We use NLTK’s tokenize.regexp module to  segments a document into words

In [4]:
from nltk.tokenize import RegexpTokenizer
tokenizer = RegexpTokenizer(r'\w+')

In [7]:
raw_a = doc_a.lower() # transform all word into lower case
tokens_a = tokenizer.tokenize(raw_a) 

In [6]:
print(tokens_a)

['brocolli', 'is', 'good', 'to', 'eat', 'my', 'brother', 'likes', 'to', 'eat', 'good', 'brocolli', 'but', 'not', 'my', 'mother']


### Stop words

In [8]:
from stop_words import get_stop_words
# create English stop words list
en_stop = get_stop_words('en')

In [9]:
stop_a = [i for i in tokens_a if not i in en_stop]

In [11]:
print(tokens_a)
print(stop_a)

['brocolli', 'is', 'good', 'to', 'eat', 'my', 'brother', 'likes', 'to', 'eat', 'good', 'brocolli', 'but', 'not', 'my', 'mother']
['brocolli', 'good', 'eat', 'brother', 'likes', 'eat', 'good', 'brocolli', 'mother']


### Stemming 
Reduce words into their stems 

In [12]:
from nltk.stem.porter import PorterStemmer
p_stemmer = PorterStemmer()

In [14]:
texts_a = [p_stemmer.stem(i) for i in stop_a]


In [21]:
raw_b = doc_b.lower()
tokens_b = tokenizer.tokenize(raw_b)
stop_b = [i for i in tokens_b if not i in en_stop]
texts_b = [p_stemmer.stem(i) for i in stop_b]

raw_c = doc_c.lower()
tokens_c = tokenizer.tokenize(raw_c)
stop_c = [i for i in tokens_c if i not  in en_stop]
texts_c = [p_stemmer.stem(i) for i in stop_c]

raw_d = doc_d.lower()
tokens_d = tokenizer.tokenize(raw_d)
stop_d = [i for i in tokens_d if not i in en_stop]
texts_d = [p_stemmer.stem(i) for i in stop_d]

raw_e = doc_e.lower()
tokens_e = tokenizer.tokenize(raw_e)
stop_e = [i for i in tokens_e if not i in en_stop]
texts_e = [p_stemmer.stem(i) for i in stop_e]
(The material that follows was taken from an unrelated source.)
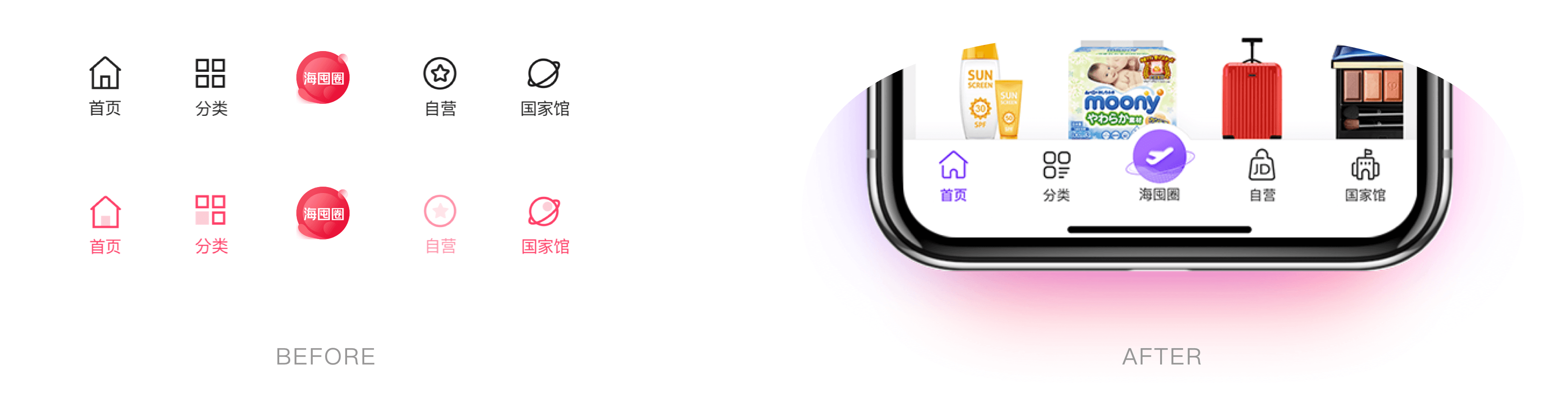 2020年上半年我们对京东国际频道进行了品牌视觉的全新升级,希望通过品牌强化及体验升级两个方向实现加强正品心智,提升频道访问量,品牌强化的业务目标。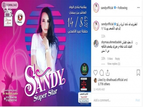 ونشرت ساندي بوستر حفلها عبر حسابها على "إنستجرام" وعلقت قائلة: "انتظروني في نادى الرواد رابع أيّام عيد الأضحى".

## Constructing a document-term matrix


In [19]:
TEXT=[]
TEXT.append(texts_a)
TEXT.append(texts_b)
TEXT.append(texts_c)
TEXT.append(texts_d)
TEXT.append(texts_e)
print(len(TEXT)) # TEXT is call coupus

5


### Give ID for each word

In [22]:
from gensim import corpora

dictionary = corpora.Dictionary(TEXT)

In [23]:
print(dictionary.token2id)

{'perform': 22, 'brocolli': 1, 'tension': 15, 'never': 23, 'suggest': 17, 'basebal': 8, 'say': 30, 'eat': 2, 'time': 10, 'better': 29, 'feel': 28, 'often': 24, 'drive': 6, 'spend': 9, 'mother': 3, 'brother': 5, 'profession': 31, 'around': 12, 'increas': 19, 'seem': 25, 'good': 4, 'lot': 7, 'health': 20, 'blood': 14, 'school': 27, 'like': 0, 'well': 26, 'may': 16, 'expert': 13, 'caus': 18, 'practic': 11, 'pressur': 21}


## Replace word with ID and frequency
- change document to bag-of-word

In [24]:
corpus = [dictionary.doc2bow(text) for text in TEXT] # bow : bag of words

In [26]:
print(len(corpus))

5


In [29]:
print(corpus[2])

[(6, 1), (13, 1), (14, 1), (15, 1), (16, 1), (17, 1), (18, 1), (19, 1), (20, 1), (21, 1)]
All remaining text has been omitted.